In some examples, the method comprises analyzing a second image frame to identify the object, creating a second bounding box, filtering event data based on the position of the second bounding box so as to have filtered event data for the object for the second image frame, and analyzing the filtered event data for the second image frame to determine a trajectory of the object. Thus, it may be possible to track objects by analyzing successive image frames and creating a new bounding box for the object for each frame. Filtering of the event data captured between frames may, therefore, be based on the position of the most recent bounding box.
It will be understood that the second image frame may correspond to (e.g., substantially) the same image as the first image frame and may be at a time after (e.g., immediately) after the first image frame.
Image frames are synchronous, i.e. they are captured at discrete points in time (and optionally at regular time intervals). Thus, the position of an object may be updated synchronously at discrete time intervals, while the trajectory is updated asynchronously, e.g. between image frames as event data is captured or otherwise provided as an input.
In some examples, between the analyzing of the first image frame and the second image frame: filtering the event data is based on the position of the first bounding box; and the filtered event data for the first image frame is analyzed to determine the trajectory of the object.
In some examples, after analyzing of the second image frame: filtering the event data is based on the position of the second bounding box; and the filtered event data for the second image frame is analyzed to determine the trajectory of the object.
In some examples, analyzing the image frame to identify an object comprises using a convolutional neural network. In some examples, a convolutional neural network may be used in combination with a suitable computer vision algorithm to analyse the image frame to identify the object.

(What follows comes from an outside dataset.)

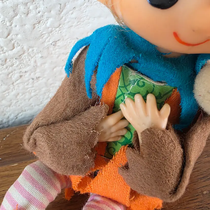 Please review photos carefully prior to purchase Measurements are approximate The front of his shirt is cardboard, has wear Spots on face Some discoloration/spots thought-out outfit
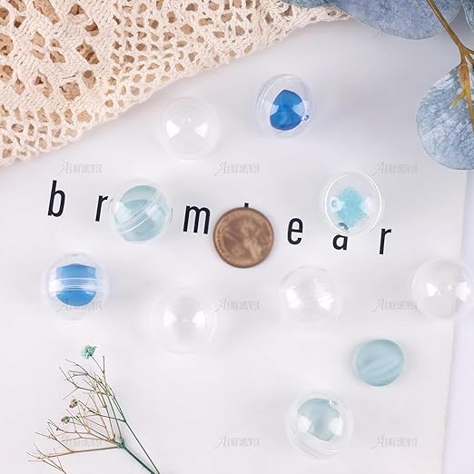 AUEAR, 50 Pack Translucent Small Round Capsules 1.1 Inch Vending Machine Empty Plastic Gumball Containers for Party Favor Prize

Convolutional Neural Networks may include deep neural networks, primarily used in processing data with a grid-like topology, such as images or other n-dimensional representations. Convolutional Neural Networks may use convolutional layers to automatically and/or adaptively learn spatial hierarchies of features from input images. These features may be learned through filters that detect specific aspects of the image, such as edges or textures. This may be followed by pooling layers, used to reduce dimensionality, and/or fully connected layers used for classification or regression tasks.
Convolutional Neural Networks may run synchronously, at discrete time intervals. Conversely, Spiking Neural Networks may process asynchronous spikes, or events, whenever these occur. By way of example, Convolutional Neural Networks may have non-temporal, static, neuron activation functions. Spiking Neural Networks may have dynamic, e.g., threshold-triggered, spiking mechanisms.
In some examples, creating a bounding box around the object comprises using a convolutional neural network.
In some examples, analyzing the image frame further comprises classifying the object into one of a plurality of particular (e.g., predefined) classes. For example, in aerospace applications, the method may comprise classifying the object into one (or more) of the following classes: aircraft, airport vehicles, movable airport infrastructure (e.g., aircraft stairs, baggage handling equipment or the like), drones (e.g., unauthorised drones), general detritus, animals, people (e.g., personnel or intruders) or the like. Analyzing the image frame to classify the object may comprise using a convolutional neural network.
In some examples, two or more of the following steps comprise using the same convolutional neural network: analyzing the image frame to identify the object; creating a bounding box around the object; and analyzing the image frame to classify the object.
In some examples, the method includes providing a position of the object as an output. For instance, the method may comprise locating a position of the object. By way of example, the steps of identifying the object and/or creating the bounding box around the object may include locating the position of the object. The position of the object could include, for example, a centre of the object (e.g. a centre of the bounding box), the bounding box around the object (e.g., the position, size and/or shape of the bounding box) or the like.
In some examples, the method comprises providing the trajectory of the object as an output. The trajectory of an object may include information such as the object's position, speed, velocity, acceleration, jerk or the like.
In some examples, the method comprises analyzing the trajectory of the object so as to avoid a collision between, e.g., an aircraft or any other vehicle (e.g., a car, a boat or the like) and the object. For example, in aerospace applications the trajectory may be provided to auto-taxi software, used for automating the taxiing of aircraft on a runway, in order to prevent collisions between taxiing aircraft and objects on the runway.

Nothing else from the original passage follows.